Elemental Games' brand owner and programmer, Aleksey Dubovoy, continued supporting the original game up until 2007, which is when Space Rangers 2: Reboot was released in Russia. This was the last update for the series from Elemental Games.

==Release==
Space Rangers 2 was originally published in Russia by 1C Company in November 2004. In June 2005, Excalibur Publishing released a DVD version that included both Space Rangers 2 and its prequel, Space Rangers. Australian distributor Red Ant Enterprises released a CD-ROM version (Space Rangers 2 only) in 2005. In 2006, Cinemaware Marquee re-released the game as Space Rangers 2: Rise of the Dominators, as part of the publisher's strategy to import lesser known games from Europe, and to utilize the low cost of digital distributors such as Direct2Drive. This allowed the game to be released for a lower price point than similar games, as well as bundling it with the first Space Rangers from 2002, bringing the original title to North America for the first time.

An expansion called Space Rangers 2: Reboot was released in Russia on September 7, 2007, in Russia and in 2009 for the rest of the world, with slightly enhanced graphics, some new content and few quality of life improvements.

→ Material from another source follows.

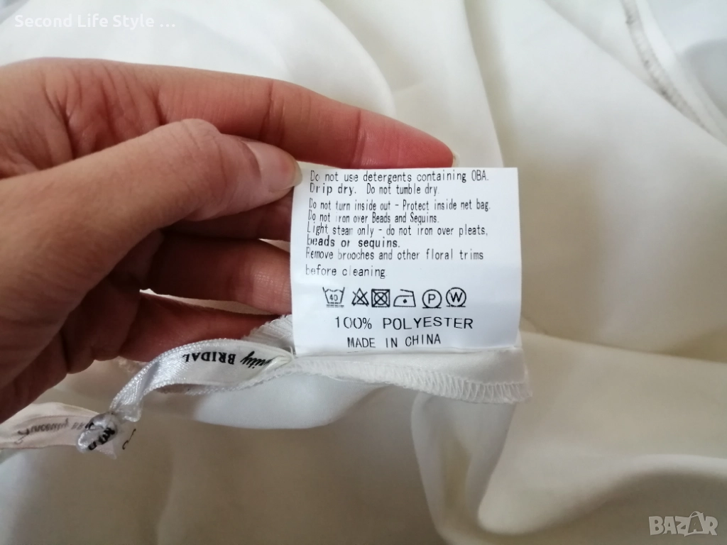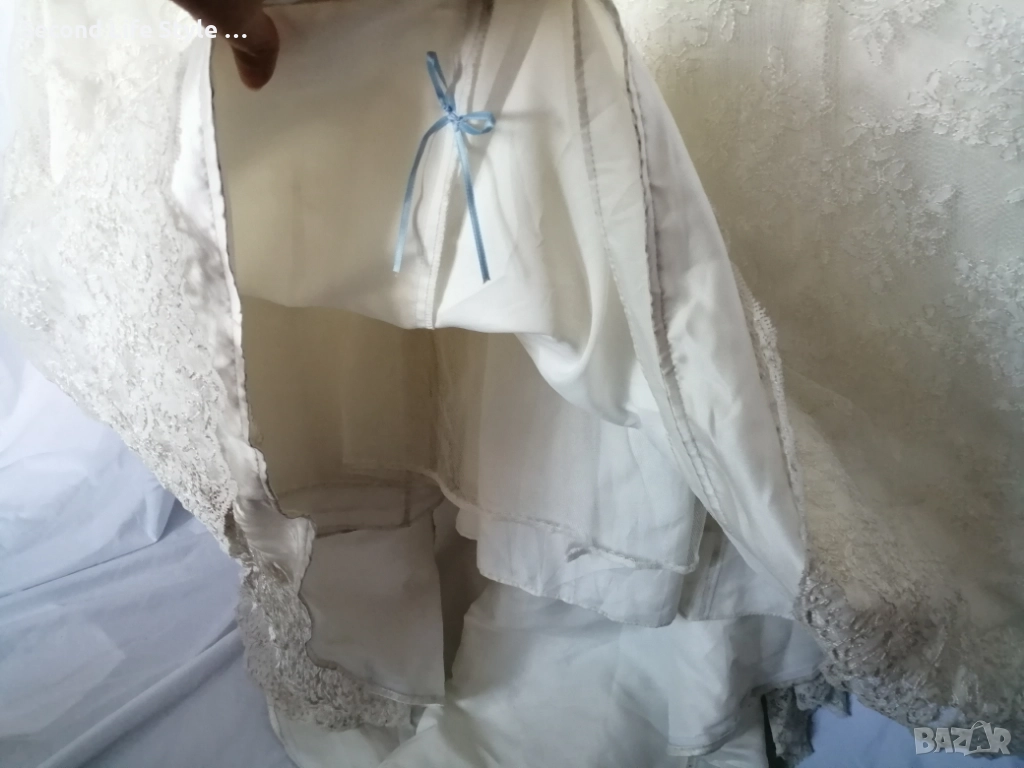 Състояние: Роклята е без забележки, но има нужда от химическо почистване. Долната част, която се влачи по земята, е леко замърсена.

A remaster called Space Rangers HD: A War Apart was released on March 14, 2013, in Russia, and on October 17, 2013, in the rest of the world, which included 1920x1200 graphics and a new campaign.

== Reception ==
Space Rangers 2 has received an aggregate score of 84/100 on Metacritic, indicating "generally favorable reviews". IGN acknowledged the game's difficult interface, confusing translations, and lack of structure, but also saw this open-endedness as the game's greatest strength. Computer Games Magazine felt that the game's "amazing breadth and considerable depth more than make up for its initial difficulty and intermittent lack of polish". GameSpy also had high praise for the overall experience, and did not feel it that it could be undermined by translation and grammatical errors. 1up.com was critical of the game's dated graphics as well as its translation to English, but felt that the game's depth and replayability made it worthwhile to play anyway. GameSpot hailed Space Rangers 2 as a successor to Star Control II, making many favorable comparisons between the game's exploration, action, and sense of freedom. Writing a retrospective for The Gamer in 2020, Sean Murray praised the game's combination of systems as ahead of its time.

The editors of Computer Games Magazine named Space Rangers 2 the fifth-best computer game of 2005. They called it "an expansive, diverse, and irresistible amalgam of genres bundled within an impressively dynamic universe." It also won PC Gamer USs 2006 "Best Turn-Based Strategy Game" award.